Assigned task →
When you give the entries again, keep every word as it stands and drop the pictures.

Records to use →
┄┄┄┄┄┄┄┄┄┄┄┄┄┄┄┄┄┄┄┄

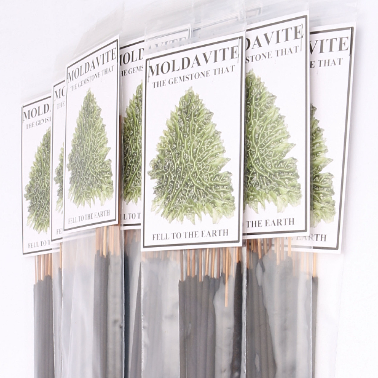 Moldavite – A crystal that was created by an impact of a meteorite that fell to the earth. It is a very high vibrational crystal. Creates movement and shifts in your life. This amazing incense created in North America has the essence of Moldavite. The moldavite has been placed in pure water and soaked so that the essence can form. It has then been mixed with the incense powder to create this amazing incense.
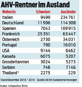 Selbst manche Parlamentarier sind sich nicht bewusst, dass schon heute 32,3 Prozent aller AHV – Renten ins Ausland bezahlt werden. Der Anteil an der Rentensumme liegt mit 13,1 Prozent deutlich tiefer. Unter den Bezügern befinden sich ausgewanderte Schweizer und Ausländer, die nach der Pensionierung in ihr Heimatland zurückkehren.
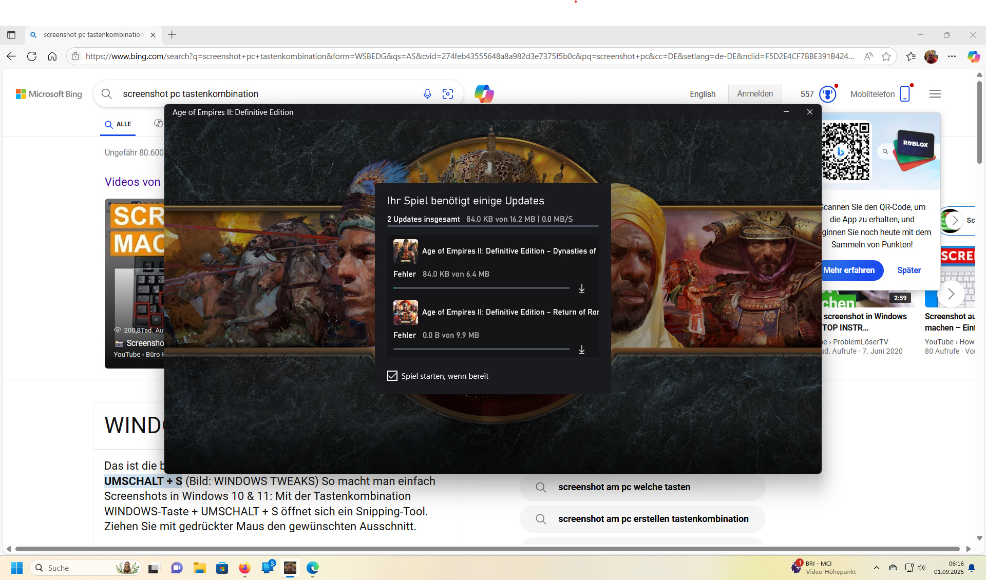 Jetzt wurde ein Download mit verschiedenen Updates gestartet und 2 der benötigten Downloads hängen mit „Fehler“. Spiel startet deswegen nicht mehr.
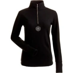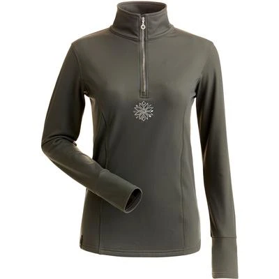 Heavyweight fleece backed 1/4 zip t-neck with embroidered and crystal snowflake detail and natural wicking properties.
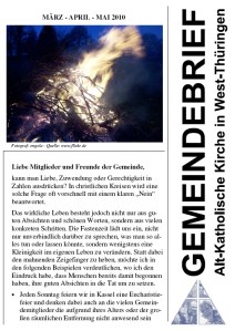 Die neuen Gemeindebriefe der Muttergemeinde Kassel und der Gemeinde West-Thüringen / Erfurt für die Monate März bis Mai 2010 sind erschienen. Sie stehen zum download als pdf-Datei bereit.
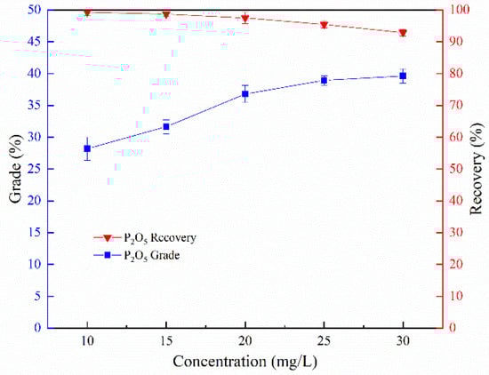 The effects of LPDC concentration on the flotation artificially mixed minerals of quartz and apatite at the natural pulp pH were investigated; the results are displayed in Figure 7. It can be seen from Figure 7 that at an LPDC concentration from 10 mg/L to 30 mg/L, the recovery of apatite gradually decreased while its grade gradually increased, due to some of the apatite being entrained and floated out during the collecting of the quartz. When the LPDC concentration was at 25 mg/L, the apatite recovery reached 95.45%, and the grade of the apatite concentrate was 38.94%. Continuing to increase the LPDC concentration not only decreased the grade of apatite but also decreased its recovery. So, it can be conducted that the optimal concentration of LPDC for separating apatite and quartz artificially mixed mineral is 25 mg/L. The LPDC has the potential to become an effective collector for apatite desilication.
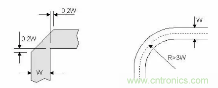 RF信號(hào)線如果走直角,拐角處的有效線寬會(huì)增大,阻抗不連續(xù),引起信號(hào)反射。為了減小不連續(xù)性,要對(duì)拐角進(jìn)行處理,有兩種方法:切角和圓角。圓弧角的半徑應(yīng)足夠大,一般來(lái)說(shuō),要保證:R>3W。如圖右所示。
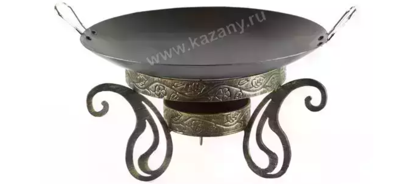 Садж оборудован двумя надежными ручками, обеспечивающими безопасность при использовании. Благодаря большому диаметру блюда можно быстро и удобно накормить как семью, так и компанию друзей. В комплект прилагается кованая вручную подставка с азербайджанским орнаментом, которая также служит резервуаром для углей или свечей, поддерживающих тепло готовых блюд.
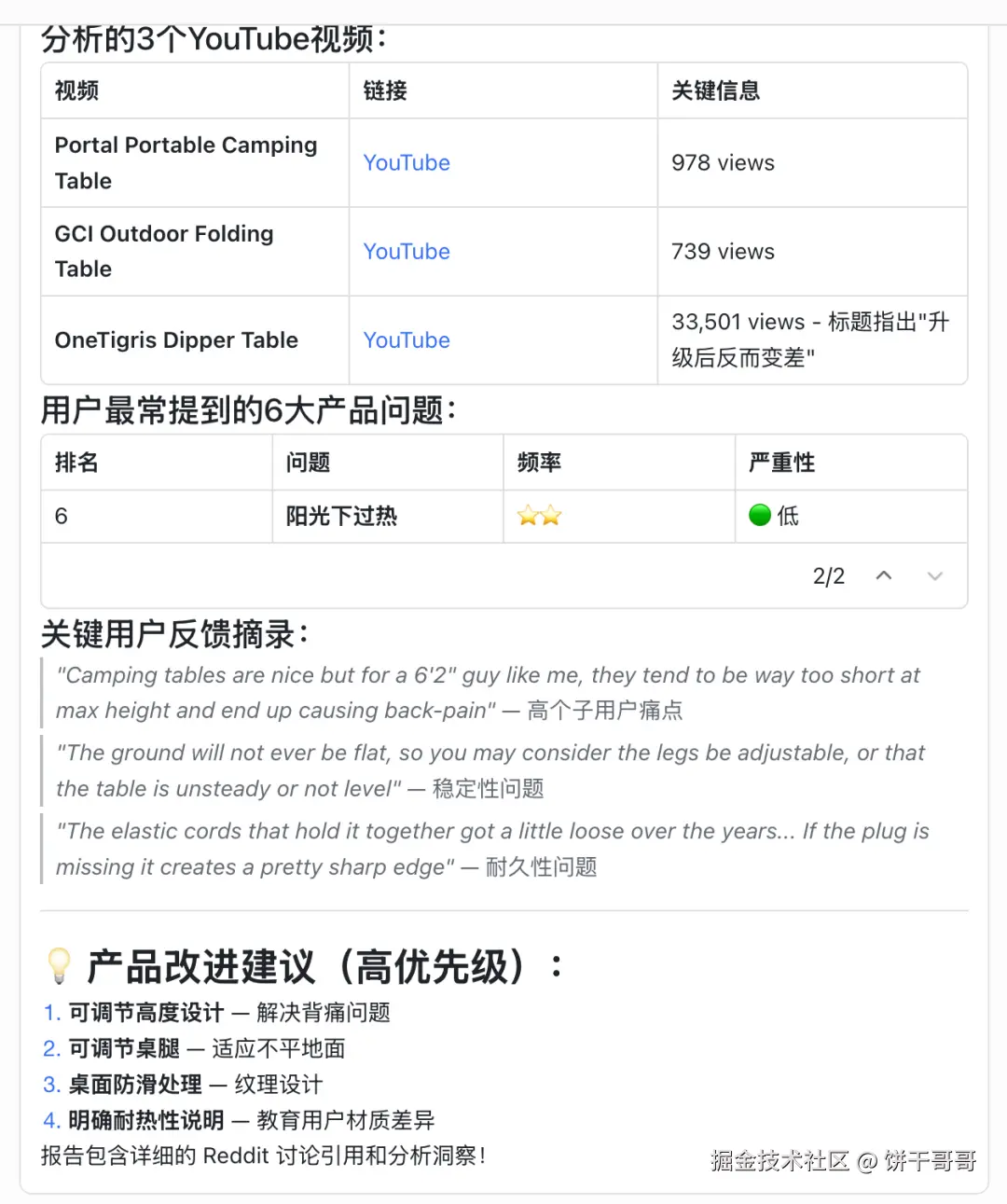 找3个 YouTube 上关于 "camping folding table review" 的视频,抓取字幕,提炼用户最常提到的产品问题

┄┄┄┄┄┄┄┄┄┄┄┄┄┄┄┄┄┄┄┄

Result →
 Moldavite – A crystal that was created by an impact of a meteorite that fell to the earth. It is a very high vibrational crystal. Creates movement and shifts in your life. This amazing incense created in North America has the essence of Moldavite. The moldavite has been placed in pure water and soaked so that the essence can form. It has then been mixed with the incense powder to create this amazing incense.
 Selbst manche Parlamentarier sind sich nicht bewusst, dass schon heute 32,3 Prozent aller AHV – Renten ins Ausland bezahlt werden. Der Anteil an der Rentensumme liegt mit 13,1 Prozent deutlich tiefer. Unter den Bezügern befinden sich ausgewanderte Schweizer und Ausländer, die nach der Pensionierung in ihr Heimatland zurückkehren.
 Jetzt wurde ein Download mit verschiedenen Updates gestartet und 2 der benötigten Downloads hängen mit „Fehler“. Spiel startet deswegen nicht mehr.
 Heavyweight fleece backed 1/4 zip t-neck with embroidered and crystal snowflake detail and natural wicking properties.
 Die neuen Gemeindebriefe der Muttergemeinde Kassel und der Gemeinde West-Thüringen / Erfurt für die Monate März bis Mai 2010 sind erschienen. Sie stehen zum download als pdf-Datei bereit.
 The effects of LPDC concentration on the flotation artificially mixed minerals of quartz and apatite at the natural pulp pH were investigated; the results are displayed in Figure 7. It can be seen from Figure 7 that at an LPDC concentration from 10 mg/L to 30 mg/L, the recovery of apatite gradually decreased while its grade gradually increased, due to some of the apatite being entrained and floated out during the collecting of the quartz. When the LPDC concentration was at 25 mg/L, the apatite recovery reached 95.45%, and the grade of the apatite concentrate was 38.94%. Continuing to increase the LPDC concentration not only decreased the grade of apatite but also decreased its recovery. So, it can be conducted that the optimal concentration of LPDC for separating apatite and quartz artificially mixed mineral is 25 mg/L. The LPDC has the potential to become an effective collector for apatite desilication.
 RF信號(hào)線如果走直角,拐角處的有效線寬會(huì)增大,阻抗不連續(xù),引起信號(hào)反射。為了減小不連續(xù)性,要對(duì)拐角進(jìn)行處理,有兩種方法:切角和圓角。圓弧角的半徑應(yīng)足夠大,一般來(lái)說(shuō),要保證:R>3W。如圖右所示。
 Садж оборудован двумя надежными ручками, обеспечивающими безопасность при использовании. Благодаря большому диаметру блюда можно быстро и удобно накормить как семью, так и компанию друзей. В комплект прилагается кованая вручную подставка с азербайджанским орнаментом, которая также служит резервуаром для углей или свечей, поддерживающих тепло готовых блюд.
 找3个 YouTube 上关于 "camping folding table review" 的视频,抓取字幕,提炼用户最常提到的产品问题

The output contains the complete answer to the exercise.